“LEGISLATIVE immunity is not limited to individual legislators,” the House Committee on Judiciary and Governmental Operations legal counsels Joseph L.G. Taijeron and Brendan Layde said in response to Gov. Ralph DLG Torres’ opposition to the JGO’s motion to dismiss his lawsuit.
Torres through his legal counsel Gil Birnbrich and the Banes Horey Berman & Miller law firm has asked the Superior Court to find the subpoena issued by the legislative committee invalid and unlawful.
The House legal counsels said legislative immunity attaches to the JGO as a body, not just its constituent members.
“The case law on legislative immunity, under both the common law and the Speech and Debate Clauses of various U.S.-affiliated jurisdictions’ constitutions, does not support the Governor’s assertion that it is limited to individual legislators. Nor would the policy interest of legislative immunity be well-served if it could be so easily circumvented,” Taijeron and Layde said.
They said policy interest served by the legislative immunity clause would be defeated if plaintiffs could circumvent it simply by changing the case caption.
“As the governor would have it, the seven legislators of the JGO lose their legislative immunity when they are aggregated into the committee. But seven times one is seven, not zero. If plaintiffs ‘Ralph Deleon Guerrero Torres in his official capacity as governor of the Commonwealth’ and ‘the Office of the Governor’ had sought injunctions against members of the committee to enjoin them individually from enforcing the subpoena, the governor concedes legislative immunity would attach. Such immunity would be meaningless if it could be rendered a nullity simply by naming the JGO committee as a body instead,” the House legal counsels said.

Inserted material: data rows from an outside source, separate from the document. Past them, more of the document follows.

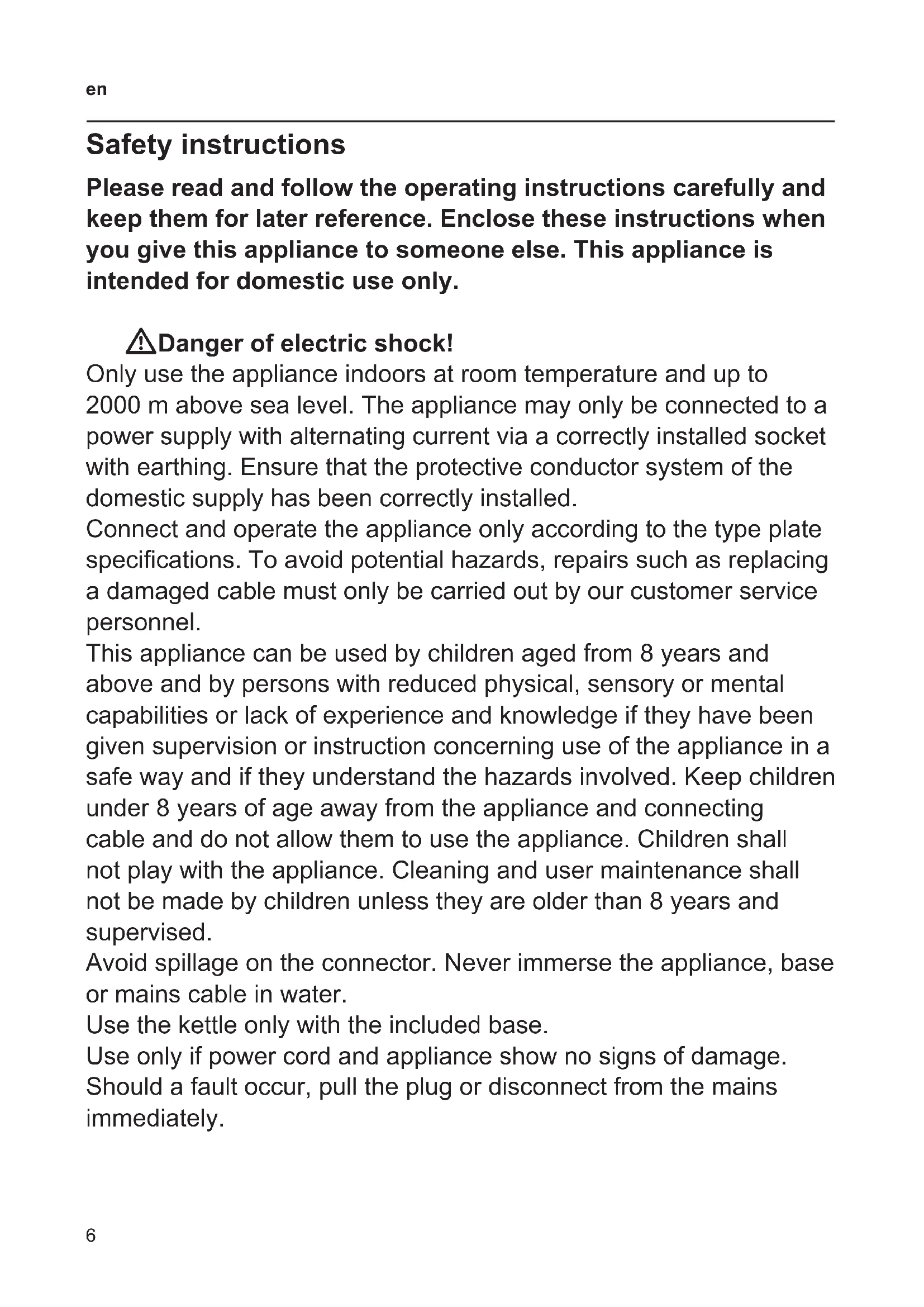 Safety instructions Please read and follow the operating instructions carefully and keep them for later reference. Enclose these instructions when you give this appliance to someone else. This appliance is intended for domestic use only. WDanger of electric shock! Only use the appliance indoors at room temperature and up to 2000 m above sea level. The appliance may only be connected to a power supply with alternating current via a correctly installed socket with earthing. Ensure that the protective conductor system of the domestic supply has been correctly installed. Connect and operate the appliance only according to the type plate specications. To avoid potential hazards, repairs such as replacing a damaged cable must only be carried out by our customer service personnel. This appliance can be used by children aged from 8 years and above and by persons with reduced physical, sensory or mental capabilities or lack of experience and knowledge if they have been given supervision or instruction concerning use of the appliance in a safe way and if they understand the hazards involved. Keep children under 8 years of age away from the appliance and connecting cable and do not allow them to use the appliance. Children shall not play with the appliance. Cleaning and user maintenance shall not be made by children unless they are older than 8 years and supervised. Avoid spillage on the connector. Never immerse the appliance, base or mains cable in water. Use the kettle only with the included base. Use only if power cord and appliance show no signs of damage. Should a fault occur, pull the plug or disconnect from the mains immediately.7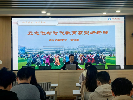 黄宝源校长从自身教育经历讲起,分享武汉西藏中学老师们积极践行教育家精神的教育故事,“一个手术改变一名学生的命运”“深耕课堂提升教书育人能力”等,让在场师生深切感受到教育家精神的内涵与力量。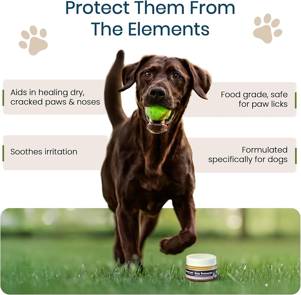 Soothing Moisturizer: Creates a breathable shield against hot pavement, icy winter sidewalks, salty roads, or rough terrain while nourishing paws with jojoba oil, vitamin E, and sea buckthorn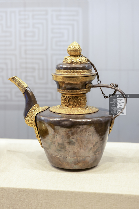 图片标题: 北京民族文化宫-文物古籍展-银鎏金錾花贲巴壶-清代-银质-五世达赖喇嘛敬献清政府德礼品-民族文化馆藏
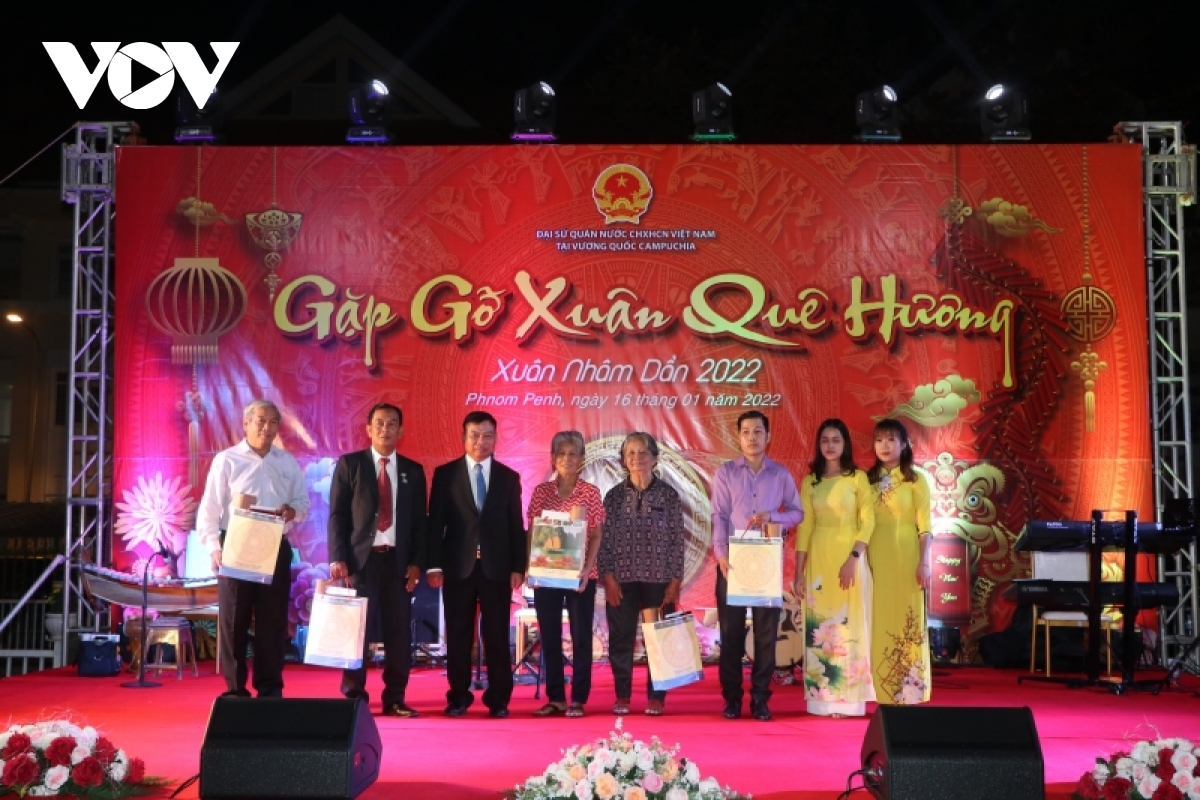 Nhân dịp này, Đại sứ Nguyễn Huy Tăng thay mặt Đại sứ quán trao tặng món quà tình nghĩa thể hiện sự tri ân đối với 5 gia đình người gốc Việt có nhiều đóng góp cho công tác Hội, cộng đồng người gốc Việt tại Campuchia và sự nghiệp cách mạng Việt Nam.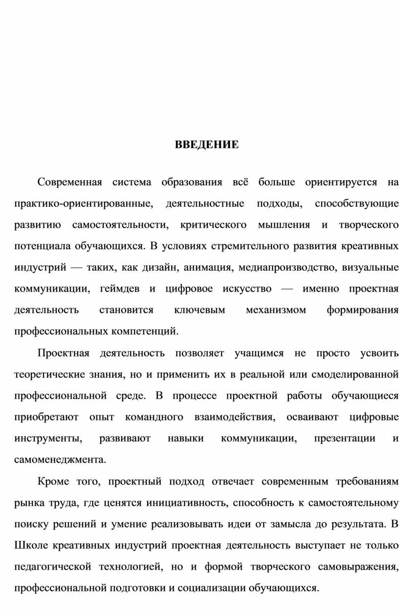 Современная система образования всё больше ориентируется на практико-ориентированные, деятельностные подходы, способствующие развитию самостоятельности, критического мышления и творческого потенциала обучающихся. В условиях стремительного развития креативных индустрий — таких, как дизайн, анимация, медиапроизводство, визуальные коммуникации, геймдев и цифровое искусство — именно проектная деятельность становится ключевым механизмом формирования профессиональных компетенций.

Citing a previous local ruling, they said the issue has already been litigated in the Commonwealth. “The Fifth Commonwealth Legislature was a named defendant as a body in the Millard case. The plaintiff filed a lawsuit to quash a subpoena by a special committee of the Legislature, and the court granted the Legislature’s motion to dismiss ‘on the ground that the complaint fails to state a cause of action, but also as an affirmation that the Legislature has the power to issue subpoenas in aid of its legislative functions.’ ”

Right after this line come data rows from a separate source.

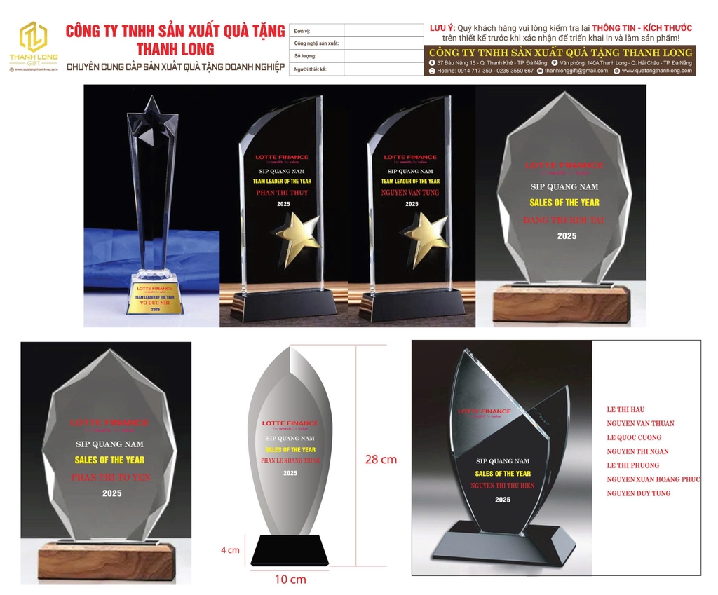 CÚP VINH DANH VÀ BẢNG VINH DANH XU HƯỚNG 2025 - ĐẦU 2026 DẤU ẤN TÔN VINH TẠI QUÀ TẶNG THANH LONG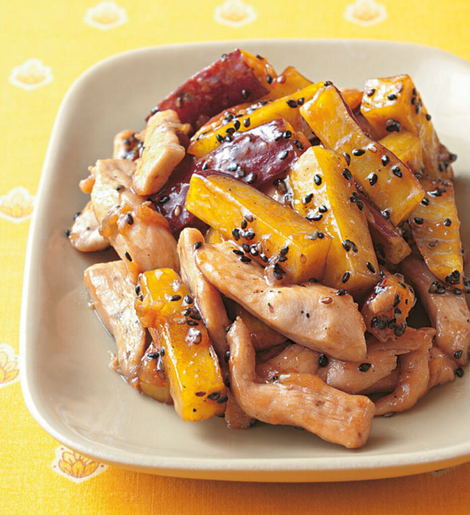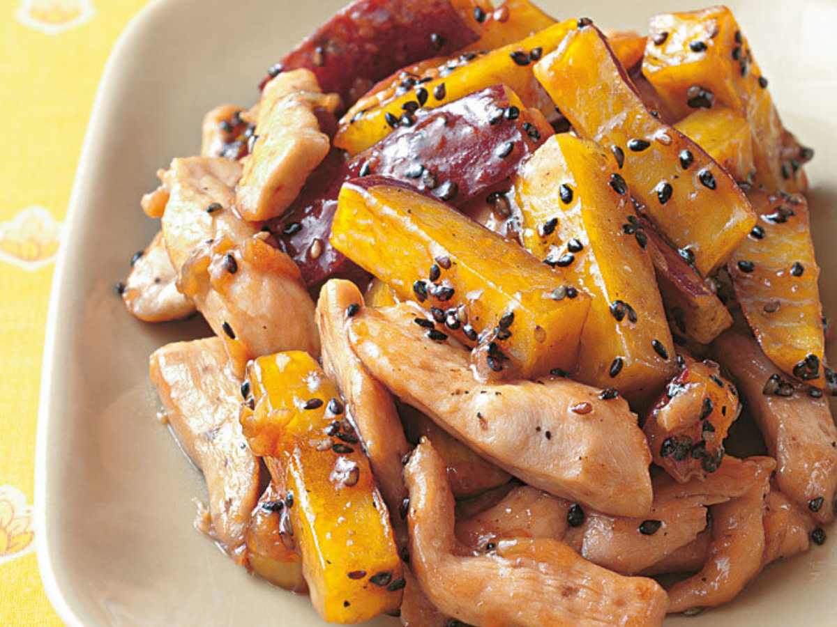 そんなさつまいもを使った定番おやつ・大学いもを、鶏むね肉でおかず仕立てに。甘じょっぱいたれがからんで、想像以上にご飯がすすみます!
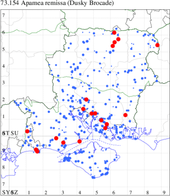 Following an expansion in range and numbers in recent decades, now common in grassland, heathland, woodland rides and gardens throughout southern England and Wales, north to southern Scotland. Widespread and common in Hampshire and on the Isle of Wight. Wingspan 27-34 mm. The main confusion species are Uncertain H. alsines and Rustic H. blanda, but less variable and often slightly smaller than these species, generally rather pale grey-brown, with relatively large orbicular and reniform stigmata, usually slightly darker than the ground colour, and usually distinctly white-edged. Larva feeds on various herbaceous plants, including Dandelion, Greater Plantain, Ribwort Plantain, Primrose and Prickly Lettuce.

Taijeron and Layde reiterated that the subpoena served on Governor Torres had a valid legislative purpose and asked the court to dismiss the lawsuit.

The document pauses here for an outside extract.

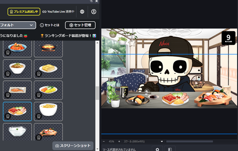 フリープランとプレミアムプランの違いについては、もう少し付け加えておきたい。プレミアムプランに入ればカスタマイズの幅はより広がるが、結論から言えば、動画配信画面の見栄えを整える目的ならフリープランで十分である。背景イラストやフレーム、小物、効果音など、画面づくりに必要な素材がほとんど無料で取り揃えられているからだ。フリープランだけでも「素材探し」の苦行から解放されるのは、最大のメリットだろう。これだけで動画配信における最初のハードルが大きく下がったようなものだ。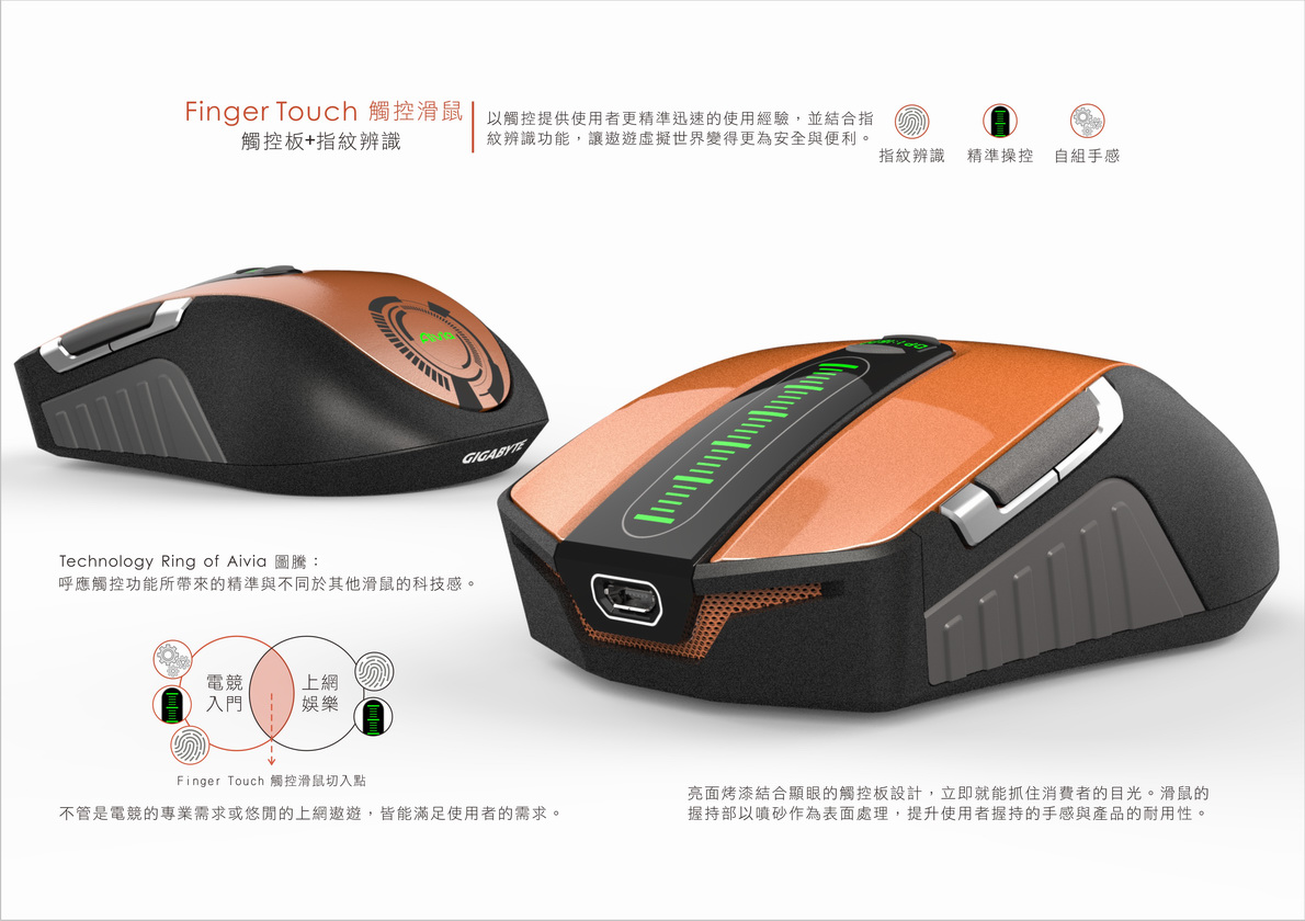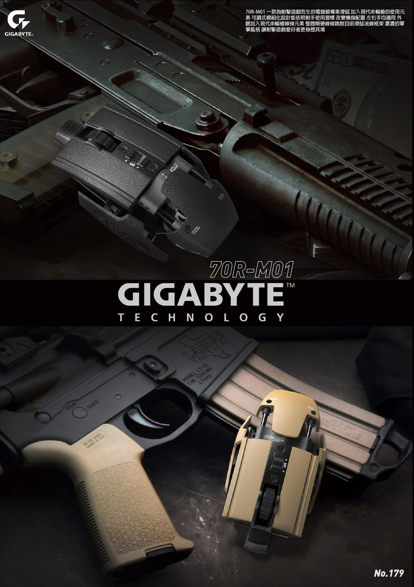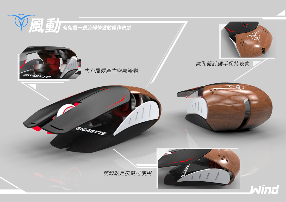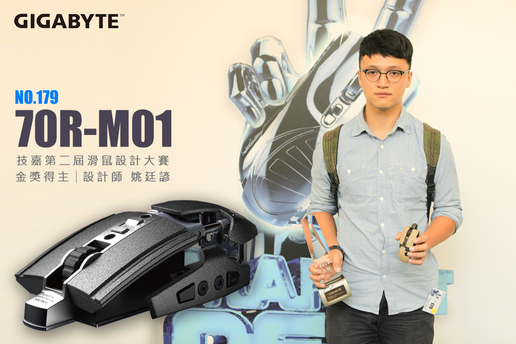 由技嘉科技舉辦的「Make It Real! 技嘉第二屆滑鼠設計大賽《電競爭霸》」活動,於日前舉辦最終決賽,並於同日下午進行頒獎典禮。本屆大賽由實踐大學校友新銳設計師姚廷諺設計的「70R-M01」奪得金獎,該作品以步槍為設計概念,具備濃烈的軍事遊戲風格,獲得評審委員一致青睞,不僅帶走新台幣 15 萬元的獎金,技嘉科技更再次「保證量產」此冠軍作品與協助行銷全世界。

Torres’s lawyers for their part asked the court to deny the JGO committee’s motion to dismiss.
“The central question is whether a legislative committee, in aid of a purported legislative purpose, has the power to command the chief executive, duly elected by the people of the Commonwealth, to sit before it at the time, date, and place of its choosing, to give testimony on subjects selected by the committee, and remain doing so for as long as the committee desires, with a potential consequence for noncompliance of arrest and detention or criminal prosecution and incarceration,” the governor’s lawyers said.
The Republican governor was found by the Democrat-led House JGO committee in contempt of a legislative subpoena for refusing to appear before the panel which was investigating his public expenditures.
On Dec. 16, 2021, CNMI Supreme Court Chief Justice Alexandro C. Castro appointed former Judge Timothy H. Bellas to be the judge pro tempore in the governor’s lawsuit after Superior Court Presiding Judge Roberto C. Naraja, Associate Judges Wesley Bogdan, Kenneth Govendo, Teresa Kim-Tenorio and Joseph N. Camacho recused themselves from the case.
Pro Tempore Judge Timothy Bellas has scheduled a hearing for March 31 at 9 a.m.